Les bactéries seraient-elles les nouveaux outils de diagnostic ? Grâce aux biotechnologies, c'est aujourd'hui envisageable. Une équipe de chercheurs de l'Inserm a, en effet, montré que des bactéries « reprogrammées » sont capables de détecter les signes d’une pathologie dans les urines ou le sang. Ces travaux publiés ce mercredi dans la revue scientifique Science Translational Medicine marquent une avancée dans le domaine de la biologie de synthèse.
En combinant la biologie et les principes d’ingénierie, la biologie synthétique offre de nouvelles perspectives dans le domaine de la santé. Elle permet notamment la fabrication de médicaments innovants à moindre coût mais également le développement d’outils de diagnostic in vitro. De fait, les cellules vivantes, comme les bactéries, capables de détecter et d’interpréter de nombreux signaux chimiques sont des candidats de premier choix.
L'électronique : une source d'inspiration
Pour mener leurs travaux, les chercheurs ont alors sélectionné la bactérie Escherichia Coli.

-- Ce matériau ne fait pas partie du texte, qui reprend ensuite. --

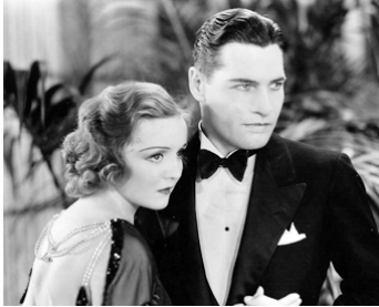
1931 WAYWARD d'Edward Sloman avec Richard Arlen
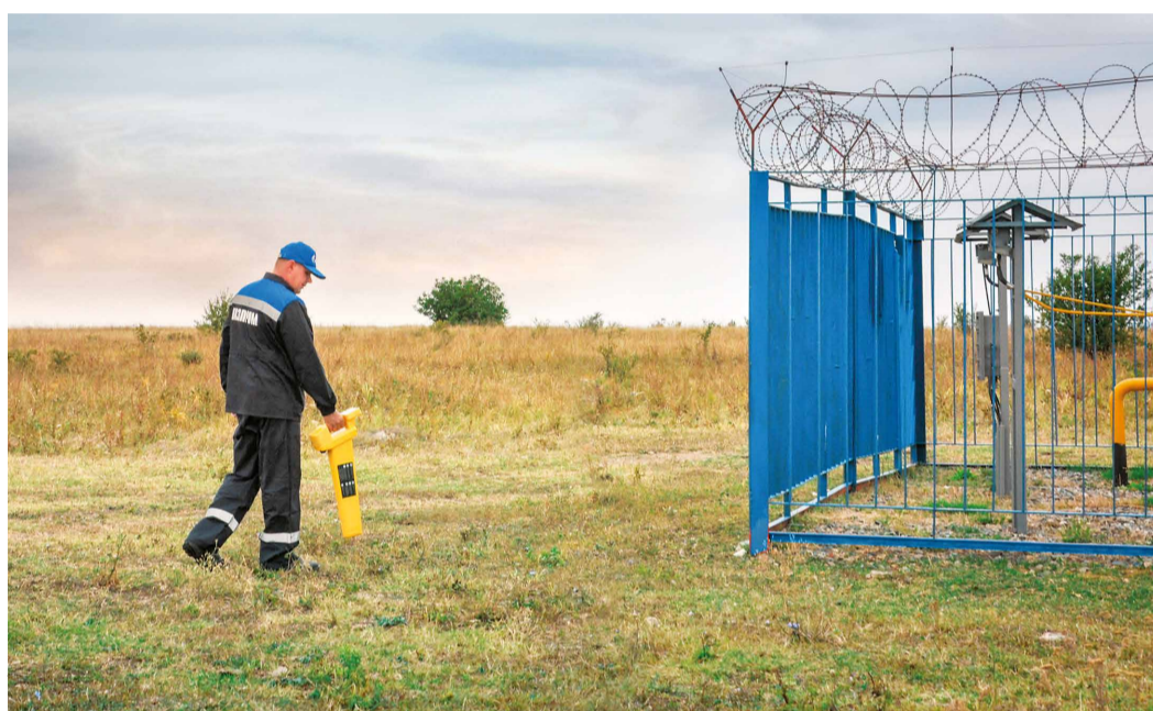
Определение трассы прохождения и глубины залегания кабеля с помощью кабелеискателя

– Поиск повреждения кабеля – задача не из простых, – делится рабочий. – Кабельные линии простираются на десятки километров, а дефект, к примеру, может быть размером с острие иглы. Оперативно обнаружить повреждение помогают измерительные приборы. После шурфовки кабеля определяется характер работы: либо монтаж муфты, либо за-

Et c’est en s’inspirant de l’électronique que les scientifiques français ont pu construire un système biologique capable de déceler avec précision si les urines contiennent ou non du glucose.
Ces bactéries ont pu acquérir cette nouvelle fonction grâce à l’implantation d’un transcriptor, une molécule d’ADN synthétique produite par les chercheurs. « C’est l’équivalent des transistors en électronique qui servent d’interrupteur et d’amplificateur », explique Jérôme Bonnet, chercheur à l'Inserm et auteur principal de l’étude. En radio, par exemple, ils permettent d’amplifier les ondes sonores et les transmettent aux haut-parleurs ».

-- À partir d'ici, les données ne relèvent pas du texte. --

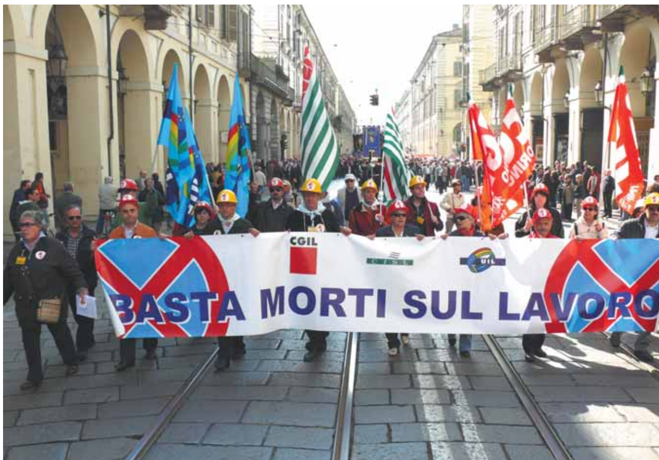
Manifestazione 1° maggio 2008 - UIL, CGIL, CISL. Torino
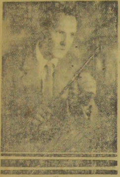
Fredric March, que nos dará dois belos filmes no "Rio Branco": "Quando a mulher se oppõe" e "Sócios no amor".

ESTÃO ANUNCIADOS GRANDES FILMS PARA 1935 — EM DESFILE AS PROGRAMMAÇÕES DA EMPRESA CINEMATOGRAFICA PARAHYBANA E CIA. EXHIBIDORA DE FILMS S/A — AS MELHORES MARCAS E OS MAIS APPLAUDIDOS ARTISTAS
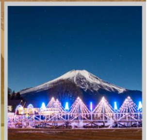
"YAMANAKAKO ILLUMINATION FANTASEUM"
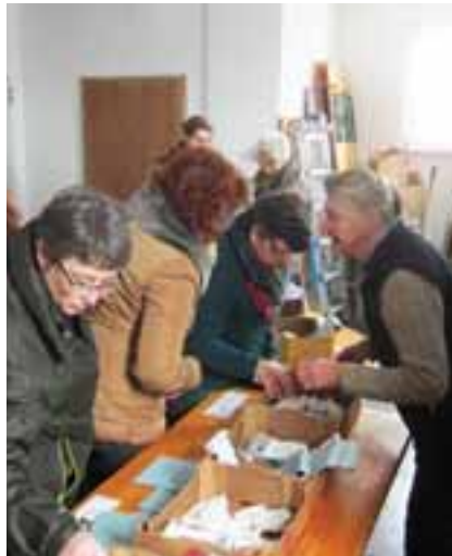
Stets großer Andrang bei der Frankenburger Saatgutbörse im Kulturzentrum.

Außerdem gibt es günstige Angebote aus der Biolinie von Samen Maier und natürlich Kaffee und Kuchen und Fachgespräche mit den GartenfachberaterInnen des Siedlervereins.
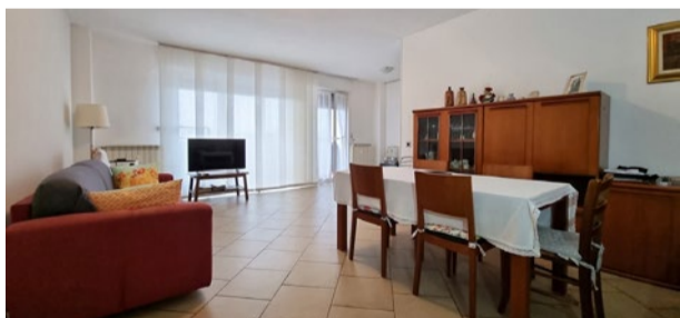
COLOGNO M.SE - via Einaudi

Vicino alla metro M2, 3 LOCALI al decimo piano con vista panoramica. Contesto condominiale oggetto di riqualificazione e con servizio di portineria diurno. CANTINA.

Cette pièce est indispensable à ces bactéries pour détecter des signaux pathologiques dans les urines ou le sang car ces milieux sont très complexes. Grâce au transcriptor, les bactéries peuvent ainsi repérer des marqueurs pathologiques, et notamment le glucose, présents même en petite quantité.
Une mémoire d'éléphant
Si les bactéries sont en présence de glucose, elles changent de couleur. « Il faut environ 4 à 5 heures », indique Jérôme Bonnet. Un temps de réponse long mais le chercheur de l’Université de Montpellier souligne que cette méthode n’a pas été conçue pour réaliser des tests dans l’urgence, bien que dans le futur, lson équipe aimerait développer ce type de tests pour des applications nécessitant une réponse plus rapide.

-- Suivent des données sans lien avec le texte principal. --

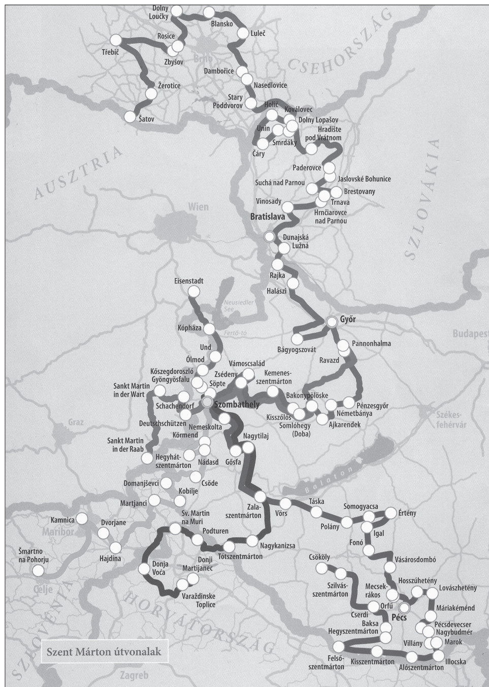
1. térkép. A Szombathelyről kiinduló Szent Márton kulturális útvonalak
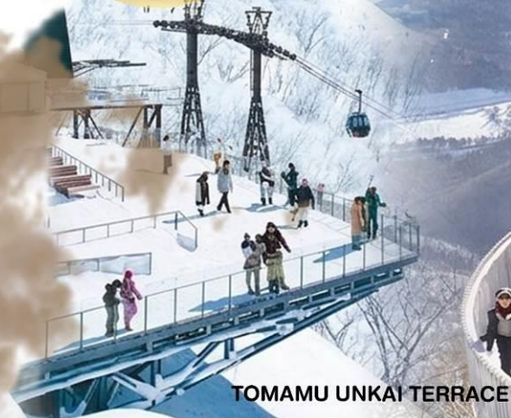
TOMAMU UNKAI TERRACE
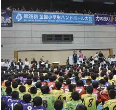
全国小学生ハンドボール大会の開会式

○ 企業誘致が本市を豊かにする。大住工専拡大事業において治水対策は不可欠。府による河川改修工事の早期完成を。また、雇用の拡大も重要だが、市内で勤務する市民の状況と、市内企業数は。 〔市長〕 本市の豊かな未来につなぐ、魅力ある施策や事業展開には、安定的な財源確保が必要であり、企業誘致と雇用拡大は有効な手段と考える。新名神の開通を生かし、大住工専拡大事業と企業誘致に取組み地域活性化につながる道路整備、治水対策を推進する。 〔経済環境部長〕 市内で就業する市民の割合は約30%で、市内事業所が約100、従業員は約2000人増加した。 ○ 平成29年に30回を迎える全国小学生ハンドボール大

Mieux encore, ce dispositif stocke en mémoire l’exposition au glucose durant des mois même après la mort de la cellule. Une mémoire dûe à une réaction entre le glucose et le transcriptor. En effet, à son contact, le génome des bactéries est modifié de manière irréversible. « Donc cela signifie que l’ADN d’une cellule exposée est différent de celui d’une bactérie qui n’a pas été en présence de glucose ou d’une autre molécule que l’on peut détecter, explique le chercheur. En séquençant l’ADN des bactéries, on peut savoir si elles ont été exposées dans le passé. »
Pour les chercheurs, cette étude apporte une preuve de concept. « On démontre qu’on peut utiliser ces bactéries pour détecter des paramètres cliniques pertinents », affirme Jérôme Bonnet. Ils espèrent dans le futur que cette méthode soit appliquée au suivi d’autres pathologies. Ils ont d'ailleurs déposé dans le domaine public leurs éléments génétiques afin qu'ils soient utilisés librement par d'autres équipes de recherche.